Всего несколько фраз, подумал Степанов, а за ними встает человеческая драма. Бедный Кразьен, рыжекудрый, близорукий, страшно боялся бомбежек, но все равно шел туда, где было опаснее, и вот тебе, поговорил с сыном, закурил, и разорвалось сердце, боже, как же трагичен этот мир, под каждой крышей своя драма… Как это у Иосифа Уткина в "Рыжем Мотеле"? Кажется, так: и под каждой маленькой крышей, как она ни слаба, свое счастье, свои мыши, своя судьба.
Наткнулся на боннский номер телефона Руди Дучке; вождь "новых левых", встречались в "Републиканише клаб" в Западном Берлине в шестьдесят восьмом, вскорости после Вьетнама и Лаоса; маленький, в чем-то истеричный бунтарь, хотя внутренне парень, бесспорно, чистый; утонул в ванной; утонул ли? Слишком ко времени была его смерть, слишком ершист.
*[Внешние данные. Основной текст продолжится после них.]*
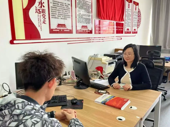 的老师们与学生面对面、一对一交流。

Макс Премер… Стоп… Это же газетчик из Гамбурга, по-моему, из "Цайт", неужели и этот поговорил с братом или дедушкой, выпил и умер? Или принял душ, а наутро был найден захлебнувшимся?
Ну, хорошо, а почему бы мне не найти Мари и не сказать ей про эти мафиозные имена и о продюсере Чезаре, и о режиссере Руиджи, который попал в автокатастрофу накануне дачи свидетельских показаний в суде? Потому, ответил себе Степанов, что за ней, как, впрочем, и за мною, смотрят те, кто убрал Лыско и Шора, вот почему я хочу сделать это дело сам, и мне это легче, я сейчас не на виду, спущусь в бар и позвоню оттуда Максу, он был славным парнем, в меру осторожным, но я же у него не денег прошу, только информацию: как зовут и где живет та несчастная, которую продали в закрытый бордель?..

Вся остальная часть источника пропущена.